One exception to all this is in the mobile premium market, or at least one specific part of it.

"Mobile premium out in the wild has zero viability," Della Rocca says. "Mobile premium if you're in Apple Arcade or Netflix? That's another story. They're walled gardens, but if you can get one of those rare Apple Arcade deals, that's usually a pretty good deal. They're quite generous in making sure your development costs are covered, etc."

However, there are still a couple downsides to that scheme. While the deals limit the potential downsides of a worst case scenario for the game, they also limit the upsides of a best case scenario.

"Even though there is some profit pool action, if you make the next Clash of Clans or Angry Birds, you don't get to really participate in that success because you've inherently been paid to produce a game and create that content," Della Rocca says.

On top of that, there's also the non-trivial issue that the companies making these premium games viable have to pick your project.

"It's a double-edged sword," Della Rocca says. "On the one hand, it allows my premium mobile game to find a home and actually live on a mobile device. But on the other hand, it means I'm at the mercy of the whims of the people controlling the [platform], and they have to let me in."

Della Rocca mentions that one developer he worked with had a game in the initial round of Apple Arcade games.
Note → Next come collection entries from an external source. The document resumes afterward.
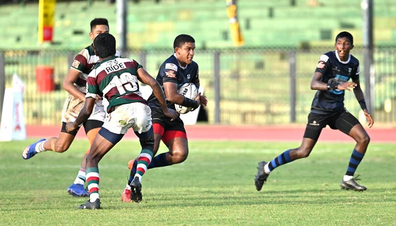 Wesley defused a spirited charge by fast improving D.S. Senanayake College as they recorded a close 27-20 win in their match played at the Sugathadasa Stadium. The winners collected their points through four tries, two conversions and a penalty while the ‘Dons’ responded with three tries, a conversion and a field goal. Wesley led 27-13 at half time.
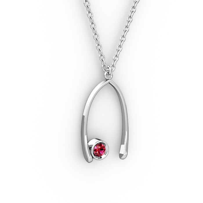 Rodolit garnet 18 ayar beyaz altın kolye (40 cm gümüş rolo zincir)
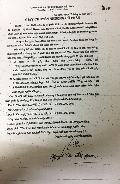 | Giấy chuyển nhượng cổ phần ngày 21/7/2010 của Bà Ngoan |
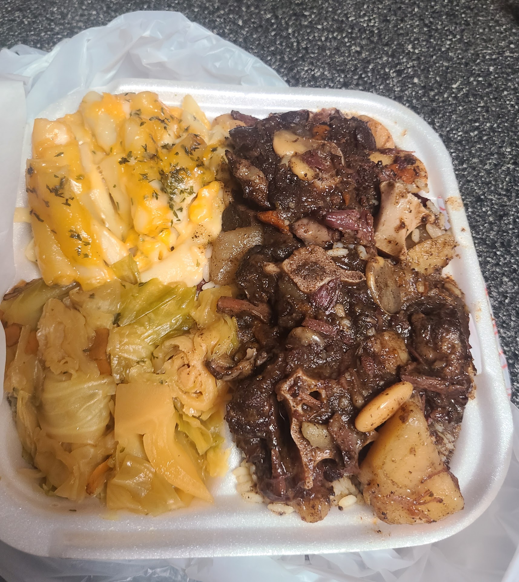 Read moreOrdered 2 plates -1st plate ribs, mac and baked beans. 2nd plate oxtails, cabbage, and mac n cheese. My experience was not satisfying no cornbread, ribs was still pinkish, cabbage had no flavor, mac n cheese taste very sour and appeared not fully cooked, baked beans more chucks of meats than beans. My total bill was $40 something dollars not worth it!. Don't believe the hype...you see online. Maybe I caught them on a bad day, but for me this is first and last time, I will never buy anything again from thr oxtail spot, first impression...

It was a good deal that worked out for them, so they thought they would try it one more time.

"They offered a second game and Apple turned it down," Della Rocca said. "They had planned on that and had to scramble to recover from that."

The subscription service trend

That same situation is by no means limited to the mobile market, and Della Rocca is clearly uneasy with the idea of any developer planning to be wholly dependent on the good graces of a subscription service outfit to keep their business going.
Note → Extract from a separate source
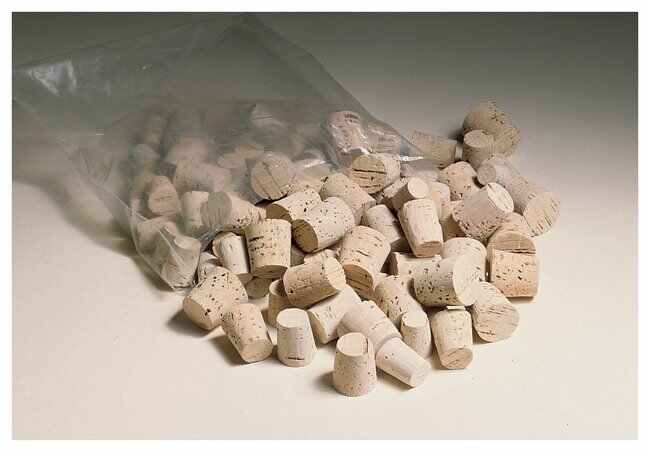 Choice of two grades: laboratory grade (corks cut from selected wood), or superior grade (corks cut from high-quality wood)Assorted lengths; Sizes: 6-15
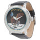 This watch features the mission patch from Apollo 11, the first manned lunar landing flight in July, 1969. The eagle is of course a symbol of the United States and was also the call sign chosen for the lunar module. Clasped in the eagle's talons is an olive branch, a symbol of peace. During the first EVA the astronauts read from a plaque they would leave behind, "We came in peace for all mankind."

"If you're like, 'I'm just going to wait for my next Game Pass deal' and they say, 'We don't want that one,' then it's like, oh crap, my whole business model was focused on that approach," he says.

While he won't hazard a guess as to whether subscriptions could lead to a Spotify-like scenario for developers where creators are paid insultingly little for their work, Della Rocca does expect the deals offered to developers to get worse as subscription programs establish themselves.
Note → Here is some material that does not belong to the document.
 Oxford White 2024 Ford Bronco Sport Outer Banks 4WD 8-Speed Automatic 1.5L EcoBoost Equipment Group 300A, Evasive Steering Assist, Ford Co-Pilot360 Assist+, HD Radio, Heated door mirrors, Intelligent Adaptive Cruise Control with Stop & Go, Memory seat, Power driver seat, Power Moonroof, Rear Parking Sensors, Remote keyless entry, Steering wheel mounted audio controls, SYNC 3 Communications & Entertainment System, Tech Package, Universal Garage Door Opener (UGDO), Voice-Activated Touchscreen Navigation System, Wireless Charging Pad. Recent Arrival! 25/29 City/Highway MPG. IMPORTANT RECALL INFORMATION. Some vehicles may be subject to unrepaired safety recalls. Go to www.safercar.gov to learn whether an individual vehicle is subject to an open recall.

"The more you want to be in the subscription, the less they have to incentivize you to be there"

"The more you want to be in the subscription, the less they have to incentivize you to be there," he says.

It doesn't even have to be a subscription service. Della Rocca points to the Epic Game Store and its "intensely aggressive" pursuit of developers in the early days, offering "amazing" deals to creators to include their titles in the free games of the week giveaways. However, he says the deals have become less generous as Epic has built up momentum.

"That's natural for any platform," Della Rocca says. "At the beginning, you incentivize, you load it up, and that brings the install base. And when the install base is there, we're naturally motivated to be on the platform, so the incentives go away or diminish."

On top of that, he goes back to his earlier remarks about the importance of directly engaging with one's own fanbase and "owning" that relationship.

"Subscription models alter that as well in their own way, so I have concerns there a bit," Della Rocca says. "And I just have this concern about being on that treadmill, where as long as the master of the platform keeps saying yes, then I can keep running on that treadmill. But as soon as they say, 'no thanks,' then I'm thrown off the treadmill and then what do I do and where do I go? I have to scramble. So I never liked this idea about getting on a treadmill."